Le paradis TERRESTRE... Si on s'y mettait ?

vendredi 26 décembre 2014

Jour 32

LE RÊVE


Voilà dix jours que nous faisons de la poterie toute la journée. Nos œuvres prennent forme. L’ambiance est joyeuse, nous nous entendons tous bien. 

Sophie est un peu à l’écart, elle a l’air un peu triste. Parfois, elle rit de bon cœur aux plaisanteries et au chahuts, on sent que ça lui fait du bien, et puis elle retourne dans une semi-réserve. Elle a fait quelques allusions qui nous ont fait comprendre qu’elle vit une rupture difficile.

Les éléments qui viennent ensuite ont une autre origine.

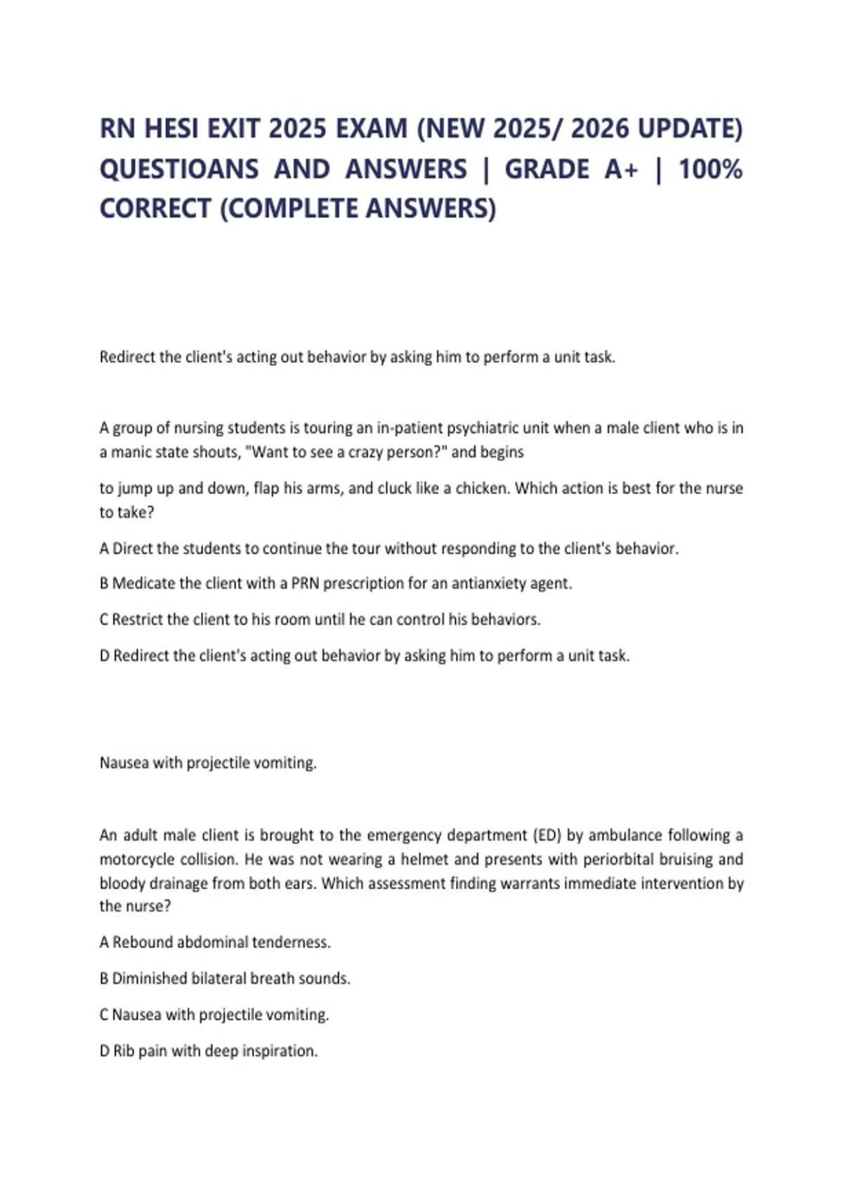 RN HESI EXIT 2025 EXAM (NEW 2025/ 2026 UPDATE)

Ce matin, au petit déj’, Claudia lui a donné une lettre pour elle que le facteur a délivrée. Elle l’a lue, et puis elle partie rapidement en direction de sa chambre. Elle est arrivée à l’atelier un peu avant midi, les yeux rouges, la mine triste. Personne n’a rien dit, elle était au bord des larmes. Elle n’est pas venue à table avec nous à midi, et on ne l’a pas revue avant le repas du soir.

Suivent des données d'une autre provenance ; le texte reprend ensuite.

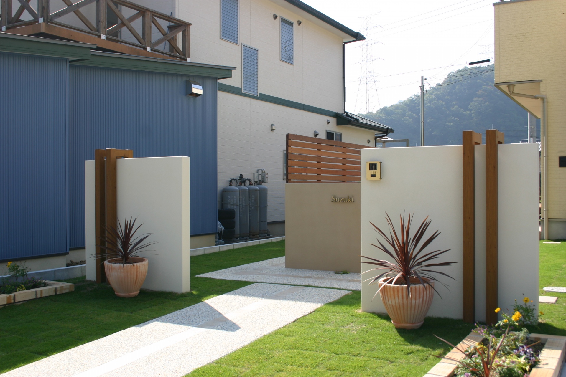 施工実績 自然を借景にシンメトリーデザイン 宍粟市S様邸 自然に囲まれた住宅街に建つS様邸。 玄関前から門周りにかけてシンメトリーなデザインをご希望されていました。 道路からプライベートなお庭が直接見えないように塀を前後に設けて仕切っています。 芝生や花壇に囲まれたアプローチ周りはは、毎日が発見のある楽しめる空間となりました。 意匠壁には木目調のアルミ材でアーチ状に囲っています。 白の壁に縦ラインが良く映えます。 天然木に囲まれたプライベートガーデンをピックアップした写真はこちらです。 お客様の声 工事担当の梶原さんにはとても誠意を持って、 こちらの要望に応えてもらい安心して工事を任せることが出来ました。

À dessein, je m’assied à côté d’elle. Pleine de sollicitude, je lui demande le plus légèrement possible:

— Ça va?
— Non, ça ne va pas du tout.
— Oui, effectivement, ça se voit.

Il ne lui en faut pas plus pour s’épancher. Elle raconte son histoire en en versant des larmes. Nicolas et elle étaient ensemble depuis huit ans. Elle avait fini par le considérer comme acquis. Pour autant, elle revendiquait sa liberté et son indépendance, elle ne donnait pas vraiment un signal qu’elle était prête à s’engager. Lui, après tant de temps, il voulait se marier, envisager la suite, les enfants… Elle se faisait désirer, elle reconnaît son égoïsme sur ce coup-là. Depuis une semaine qu’ils sont séparés, elle a eu le temps d’y réfléchir longuement. Et puis un jour, il en a eu marre d’attendre, et il a rompu. C’est alors qu’elle s’est rendue compte à quel point elle tenait à lui et qu’elle avait envie d’avoir des enfants avec lui. Mais c’était trop tard. Elle a tenté de le retenir, mais il en avait déjà rencontré une autre. Une histoire terriblement banale.

Avec Ana, on l’écoute. Quand ils nous ont vue entourer Sophie qui pleurait, les garçons se sont installés à l’écart, nous laissant entre filles. Sophie se raconte longuement, elle pleure beaucoup, nous lui passons des mouchoirs. On y va à l’occasion d’un mot encourageant, d’un conseil, mais ce qui lui fait manifestement du bien, c’est de pouvoir exprimer son chagrin, ses regrets.

— Mais tu crois que ça peut s’arranger? demande Ana.
— Ben non. La lettre que j’ai reçue ce matin est formelle. C’était mon dernier espoir, mais là, c’est cuit, il faut que je me rende à l’évidence. Je m’en veux, mais je m’en veux! Il me dit qu’il emménage chez elle le week-end prochain, il laissera la clef de mon appartement dans la boite aux lettres. J’avais prévu ce stage depuis un moment, j’ai pensé qu’un temps de séparation nous ferait du bien à tous les deux, ça nous donnerait le temps de réfléchir. Si j’avais su qu’il avait rencontré quelqu’un d’autre, je ne serais jamais partie.
— Tu crois que ça aurait empêché quelque chose?
— Je ne sais pas. Non. Si. Peut-être. Je ne sais pas.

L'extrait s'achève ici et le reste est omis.